AUL’s William Saunders and Anna Franzonello blog at LifeNews.com:
In August 2011, the Department of Health and Human Services (HHS) issued an “interim final rule” on “preventive services” that provided a very narrow “religious employer” exemption to its mandated coverage for life-ending drugs and devices such as the abortion-inducing drug ella. At the time, HHS justified its decision to bypass the Administrative Procedure Act’s (APA) public comment period because such an “opportunity for public comment would be impractical and contrary to the public interest.” In other words, not needed and not worth the time.

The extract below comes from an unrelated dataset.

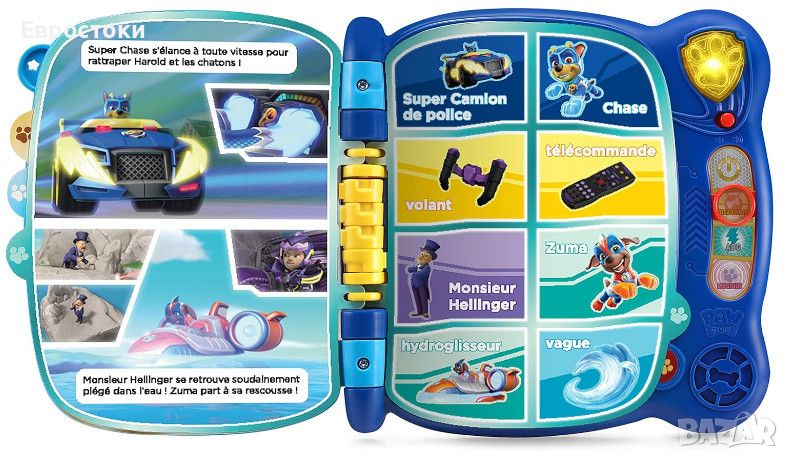 Детската интерактивна книжка Пес Патрул има 10 сензорни страници, с помощта на които децата могат да учат нови думи и звуци заедно с любимите си герои по игрив начин.

However, that rationale was refuted by admissions HHS made in its recent Advance Notice for Proposed Rulemaking (ANPR).
In the ANPR, HHS notes that, in accord with the February 2012 statement that the Obama Administration is “committed” to finding an “accommodation” for those it is unwilling to exempt from its life-ending drugs coverage mandate, it recently held meetings with “religious organizations, insurers, women’s groups, insurance experts, and other interested stakeholders,” These meetings, the ANPR states, “began to provide more detailed information on how health coverage arrangements are currently structured, how religious accommodations work in States with contraceptive coverage requirements, and the landscape with respect to religious organizations that offer health benefits today.”
Hold it a moment. Isn’t this just the kind of input HHS dispensed with when it issued its “interim final rule”? Perhaps following the APA requirements wasn’t “impractical” and “contrary to the public interest” after all.